[Extracted information]
>>>

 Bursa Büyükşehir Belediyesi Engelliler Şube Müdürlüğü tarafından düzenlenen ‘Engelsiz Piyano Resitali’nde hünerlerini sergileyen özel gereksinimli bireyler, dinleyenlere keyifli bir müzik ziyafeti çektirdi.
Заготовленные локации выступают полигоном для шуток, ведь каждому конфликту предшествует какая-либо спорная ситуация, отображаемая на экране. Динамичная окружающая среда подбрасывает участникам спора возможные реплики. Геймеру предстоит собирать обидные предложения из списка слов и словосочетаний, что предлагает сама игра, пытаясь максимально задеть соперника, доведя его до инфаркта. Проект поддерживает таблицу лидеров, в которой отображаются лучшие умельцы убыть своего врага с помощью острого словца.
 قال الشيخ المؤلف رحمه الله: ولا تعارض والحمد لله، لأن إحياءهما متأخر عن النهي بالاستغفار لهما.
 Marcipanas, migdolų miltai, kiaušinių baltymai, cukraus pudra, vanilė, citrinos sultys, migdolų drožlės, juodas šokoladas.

<<<
>>>

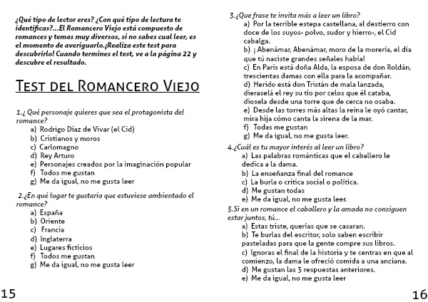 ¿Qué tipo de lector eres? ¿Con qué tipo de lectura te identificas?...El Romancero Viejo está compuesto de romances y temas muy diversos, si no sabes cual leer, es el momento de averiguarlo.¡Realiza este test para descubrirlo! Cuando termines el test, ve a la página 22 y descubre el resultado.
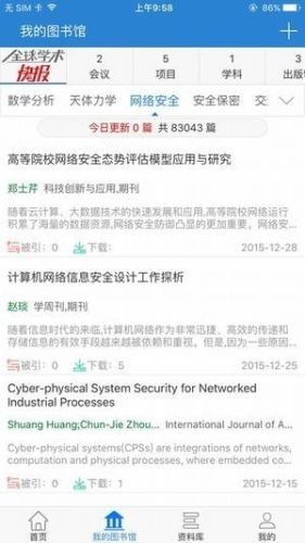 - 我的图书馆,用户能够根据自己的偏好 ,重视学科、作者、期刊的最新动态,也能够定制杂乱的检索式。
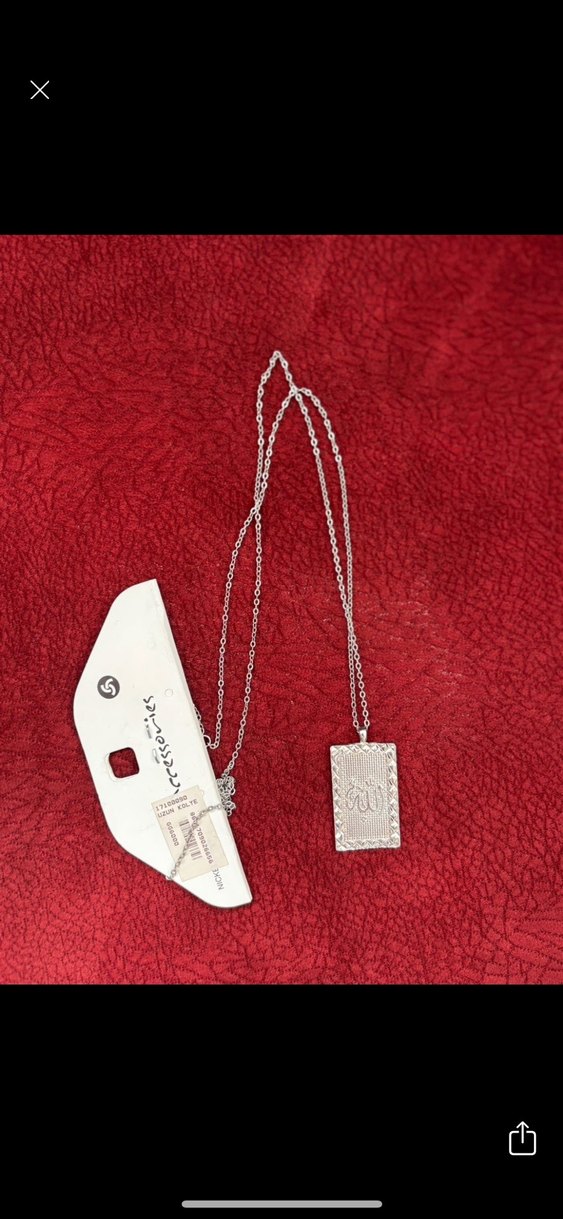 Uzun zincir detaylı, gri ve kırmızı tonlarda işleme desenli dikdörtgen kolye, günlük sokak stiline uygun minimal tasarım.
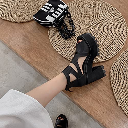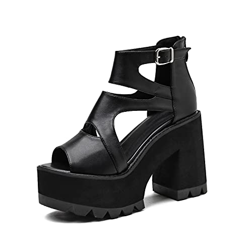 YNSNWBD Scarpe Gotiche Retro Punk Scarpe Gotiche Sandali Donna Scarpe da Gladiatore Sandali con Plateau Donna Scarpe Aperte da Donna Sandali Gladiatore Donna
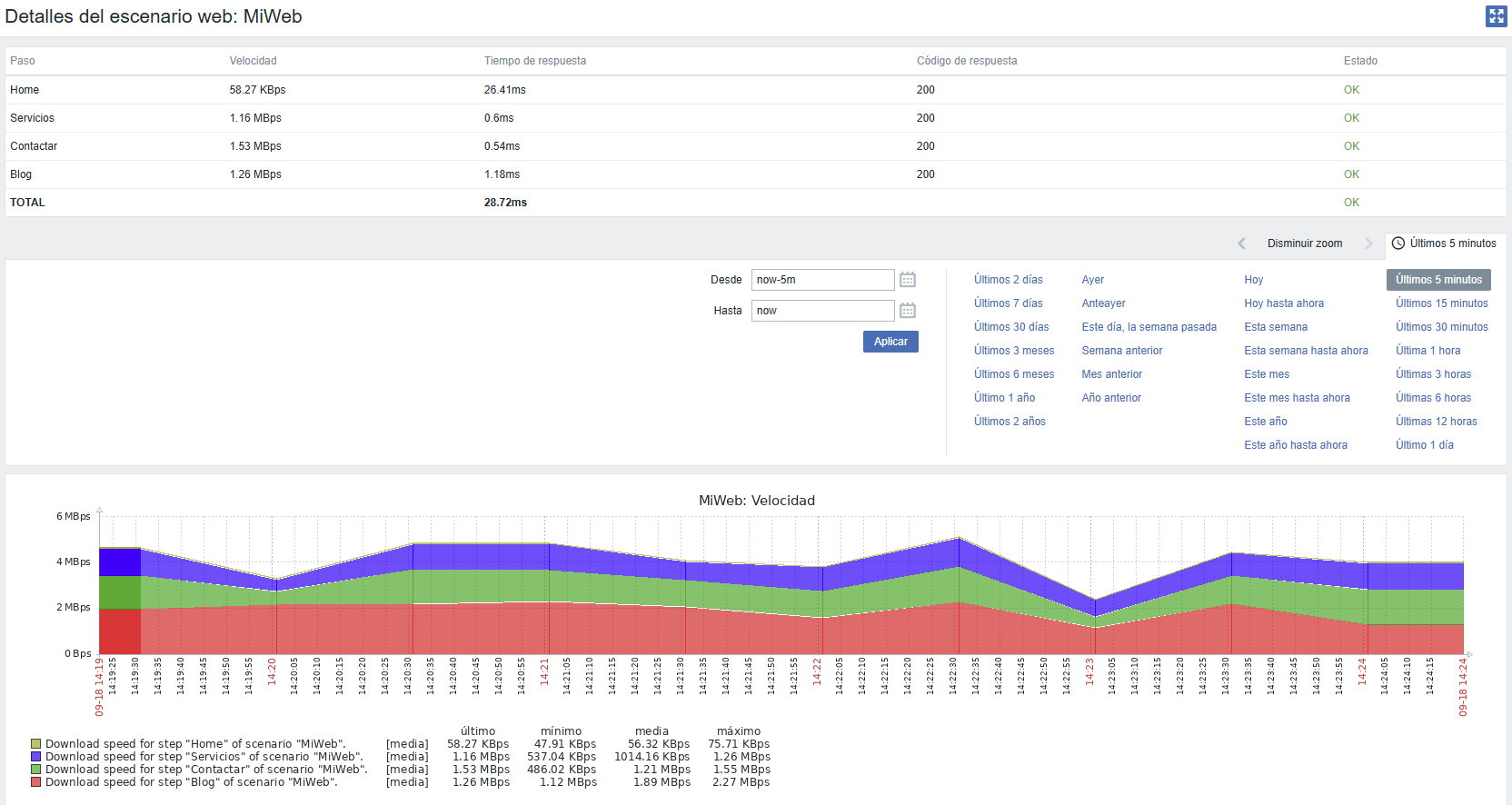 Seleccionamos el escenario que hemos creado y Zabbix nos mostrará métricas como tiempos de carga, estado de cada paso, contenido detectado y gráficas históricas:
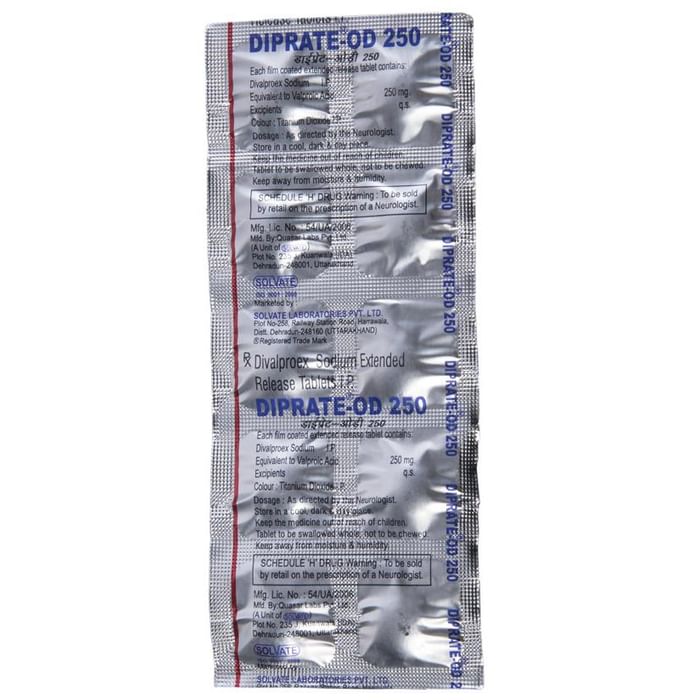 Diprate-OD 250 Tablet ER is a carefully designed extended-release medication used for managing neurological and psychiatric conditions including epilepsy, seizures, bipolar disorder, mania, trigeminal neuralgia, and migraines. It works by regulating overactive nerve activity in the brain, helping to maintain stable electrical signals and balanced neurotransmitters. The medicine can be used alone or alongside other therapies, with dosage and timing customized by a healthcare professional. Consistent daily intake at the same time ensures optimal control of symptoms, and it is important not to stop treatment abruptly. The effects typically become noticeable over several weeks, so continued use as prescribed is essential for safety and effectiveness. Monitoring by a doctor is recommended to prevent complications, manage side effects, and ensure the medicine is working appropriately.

<<<
>>>

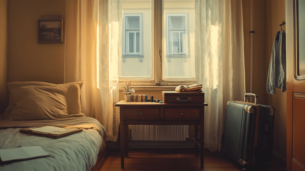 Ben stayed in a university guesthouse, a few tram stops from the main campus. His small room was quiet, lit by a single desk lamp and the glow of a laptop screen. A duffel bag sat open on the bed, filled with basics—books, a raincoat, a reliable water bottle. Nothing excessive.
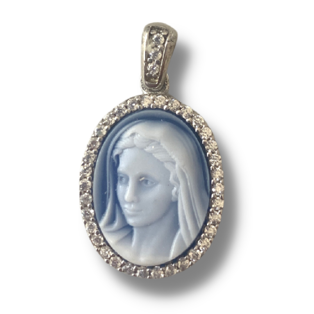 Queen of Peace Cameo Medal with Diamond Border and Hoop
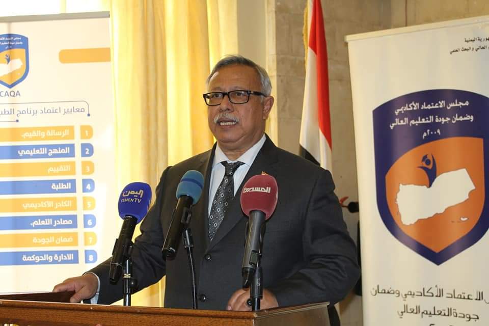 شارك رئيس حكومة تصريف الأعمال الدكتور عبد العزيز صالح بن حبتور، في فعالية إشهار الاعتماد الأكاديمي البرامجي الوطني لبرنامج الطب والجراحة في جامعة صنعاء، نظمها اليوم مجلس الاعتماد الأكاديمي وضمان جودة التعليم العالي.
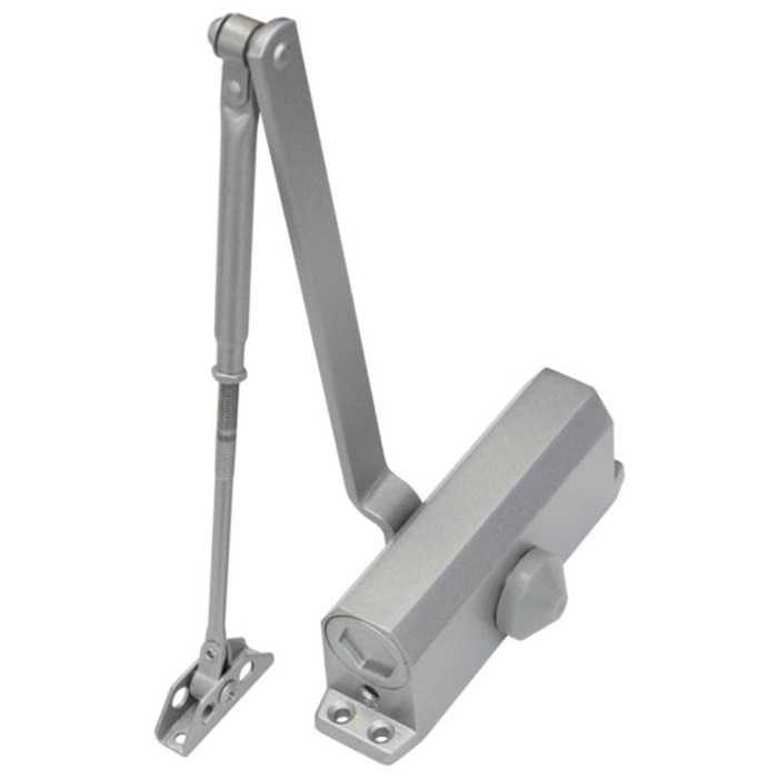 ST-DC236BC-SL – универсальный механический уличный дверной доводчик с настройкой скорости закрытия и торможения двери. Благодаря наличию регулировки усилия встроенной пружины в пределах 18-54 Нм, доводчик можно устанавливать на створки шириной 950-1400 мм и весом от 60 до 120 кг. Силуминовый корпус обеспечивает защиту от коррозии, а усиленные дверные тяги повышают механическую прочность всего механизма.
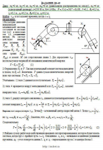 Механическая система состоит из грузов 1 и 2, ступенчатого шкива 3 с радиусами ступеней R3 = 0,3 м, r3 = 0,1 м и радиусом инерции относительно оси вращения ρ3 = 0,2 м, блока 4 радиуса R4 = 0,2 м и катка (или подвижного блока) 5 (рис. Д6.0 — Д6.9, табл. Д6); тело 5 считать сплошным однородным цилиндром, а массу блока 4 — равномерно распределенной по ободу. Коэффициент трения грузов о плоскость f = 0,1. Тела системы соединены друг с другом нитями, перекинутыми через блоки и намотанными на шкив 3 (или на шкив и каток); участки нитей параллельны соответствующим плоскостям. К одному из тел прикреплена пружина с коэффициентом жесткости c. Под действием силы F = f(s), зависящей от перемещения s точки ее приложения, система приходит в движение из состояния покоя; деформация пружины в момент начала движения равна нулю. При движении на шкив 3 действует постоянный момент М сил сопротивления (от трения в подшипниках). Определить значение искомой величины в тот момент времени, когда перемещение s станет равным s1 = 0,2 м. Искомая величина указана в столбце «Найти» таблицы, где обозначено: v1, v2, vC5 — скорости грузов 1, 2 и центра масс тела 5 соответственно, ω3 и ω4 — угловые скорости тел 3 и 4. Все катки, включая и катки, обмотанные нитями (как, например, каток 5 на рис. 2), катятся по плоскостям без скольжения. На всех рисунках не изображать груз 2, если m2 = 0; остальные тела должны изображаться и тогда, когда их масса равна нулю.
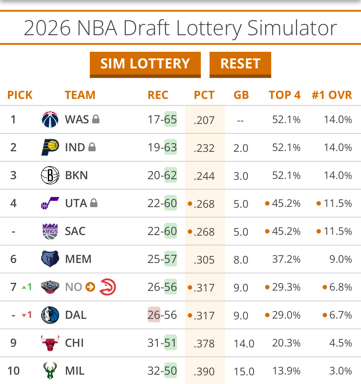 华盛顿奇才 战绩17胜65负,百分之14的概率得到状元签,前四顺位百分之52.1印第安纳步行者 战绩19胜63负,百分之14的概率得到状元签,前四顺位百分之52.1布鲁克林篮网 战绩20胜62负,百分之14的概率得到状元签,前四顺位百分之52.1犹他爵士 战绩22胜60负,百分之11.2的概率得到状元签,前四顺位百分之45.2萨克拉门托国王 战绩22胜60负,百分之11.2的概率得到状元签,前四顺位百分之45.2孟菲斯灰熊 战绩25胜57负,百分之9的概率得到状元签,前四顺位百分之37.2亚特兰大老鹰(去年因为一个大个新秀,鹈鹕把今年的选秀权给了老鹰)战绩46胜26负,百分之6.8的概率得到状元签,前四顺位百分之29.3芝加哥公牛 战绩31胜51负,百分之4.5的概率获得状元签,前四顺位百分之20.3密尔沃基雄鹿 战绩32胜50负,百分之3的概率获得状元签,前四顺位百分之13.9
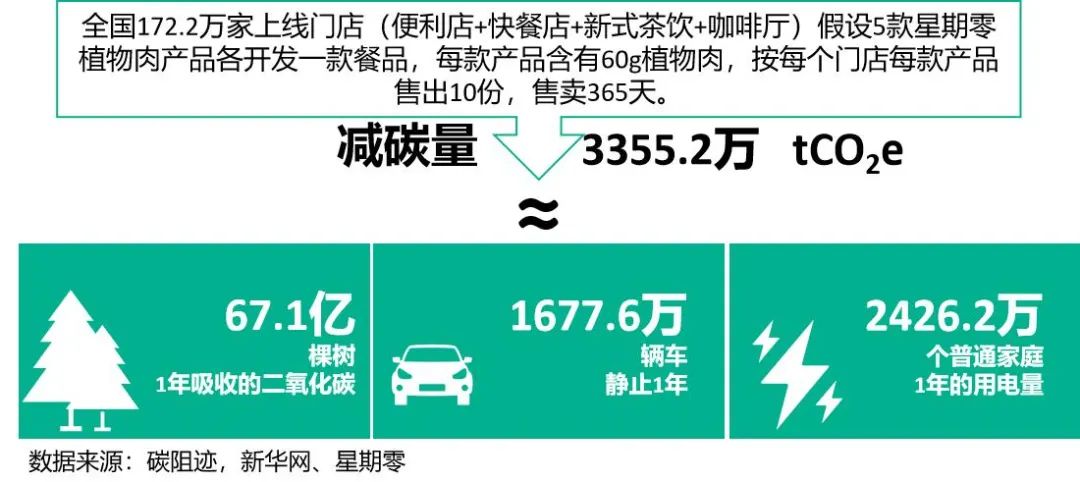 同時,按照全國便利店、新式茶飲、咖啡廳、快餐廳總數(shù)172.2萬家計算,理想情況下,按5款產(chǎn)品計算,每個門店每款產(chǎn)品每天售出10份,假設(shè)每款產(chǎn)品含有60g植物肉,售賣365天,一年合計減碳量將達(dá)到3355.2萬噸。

<<<

[What is being asked] Using the entries above, transcribe every line from the line containing "شارك رئيس حكومة" through the line containing "ST-DC236BC-SL – универсальный". Do not copy pictures.

[Reply]
 شارك رئيس حكومة تصريف الأعمال الدكتور عبد العزيز صالح بن حبتور، في فعالية إشهار الاعتماد الأكاديمي البرامجي الوطني لبرنامج الطب والجراحة في جامعة صنعاء، نظمها اليوم مجلس الاعتماد الأكاديمي وضمان جودة التعليم العالي.
 ST-DC236BC-SL – универсальный механический уличный дверной доводчик с настройкой скорости закрытия и торможения двери. Благодаря наличию регулировки усилия встроенной пружины в пределах 18-54 Нм, доводчик можно устанавливать на створки шириной 950-1400 мм и весом от 60 до 120 кг. Силуминовый корпус обеспечивает защиту от коррозии, а усиленные дверные тяги повышают механическую прочность всего механизма.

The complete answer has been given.